Mas foi com a actuação dos Molasses, um dos inúmeros projectos saídos dos essenciais Godspeed You! Black Emperor, que o Sonora viu a luz do dia. Os Molasses giram essencialmente à volta de Scott Chernoff - principal cérebro criativo do projecto - e contam já com quatro registos distribuídos entre 2000 e 2004. A primeira canção estabeleceu prontamente a disposição da banda: a guitarra e a voz de Scott Chernoff, uma presença feminina nas teclas e na voz (sempre em duo com o frontmen), a percussão suavíssima e serena e um violino. Seguiram-se canções delicadas (com especial destaque para o último registo intitulado Trouble at Jinx Hotel), e talvez até delicadas de mais. A verdade é que, tal como acontecia em Trouble at Jinx Hotel, os Molasses apropriaram-se a uma estética, a uma certa forma de escrever canções e parecem não querer abdicar dela, fazendo com que quase todo o concerto pareça um loop da primeira canção. O duo de vozes é ponto atractivo (e todos nós sabemos como um duo de vozes formado por um menino e por uma menina pode ser algo de deliciosamente viciante – veja-se o caso dos Low, que até vão estar em Vigo no próximo dia 25 de Abril, entre outros), mas a falta de elementos distintos de canção para canção fizeram com que a actuação ficasse longe daquilo que os Molasses podem fazer e igualmente longe daquilo que as suas origens fariam prever. Por momentos desejou-se uma erupção “Godspeediana” mas o caminho dos Molasses é outro. É o das canções frágeis sobre o Inverno rigoroso de Montreal e de um mundo de desolação e desesperança mas sem explosões sonoras; são profundamente e dedicadamente fiéis ao silêncio e mansidão. E até houve espaço para, perto do fim, o violinista arrancar hipnóticos e fantasmagóricos sons de um serrote rasgado por um arco mas nem isso foi suficiente para que a actuação dos Molasses tivesse nota alta.
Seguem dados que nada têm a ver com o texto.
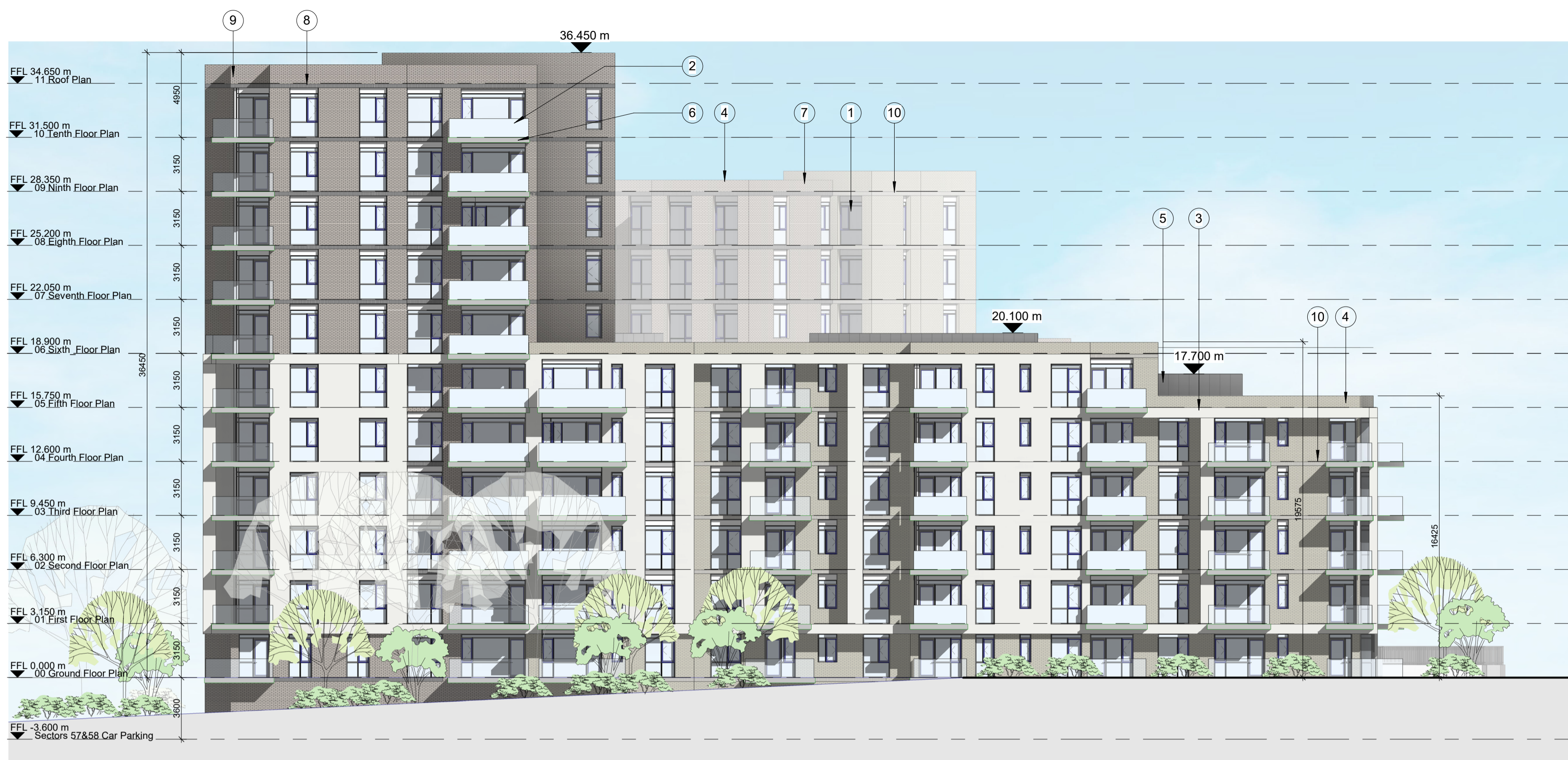
Block 8B Elevation 1

Apesar de só em 2001 ter editado o seu disco de estreia a solo (Been Here and Gone), Thalia Zedek tem uma já longa carreira firmada em nomes como Live Skull, Come e Uzi. O seu mais recente registo, Trust Not Those in Whom Without Some Touch of Madness, caminha por entre a folk, pelo blues, mas essencialmente pelo rock directo e confrontacional por via interna. E foram precisamente esses os elementos que vieram ao de cima na sua actuação. A voz de Thalia Zedek é a expressão da dor, da mágoa, calejada pelo tempo, por despedidas e promessas quebradas. O violino que a acompanha evoca as paisagens bucólicas de uns Dirty Three, celebra o negrume e ao mesmo tempo sustém a esperança. Na bateria, o músico que acompanha Thalia Zedek é uma impressionante força da natureza, irado quanto baste nos momentos mais intensos. Obviamente, Trust Not Those in Whom Without Some Touch of Madness foi passagem obrigatória durante o concerto que teve em “Hell is in Hello”, e na sua explosão incontrolável de fúria (aqui, a percussão marcou presença de forma brutal), um dos seus momentos mais intensos. Mas não foi momento único. Nada disso. Toda a música de Thalia Zedek é um fio incorruptível de intensidade. Um fio de que, percorrido de ponta a ponta, não se deve perder o rasto.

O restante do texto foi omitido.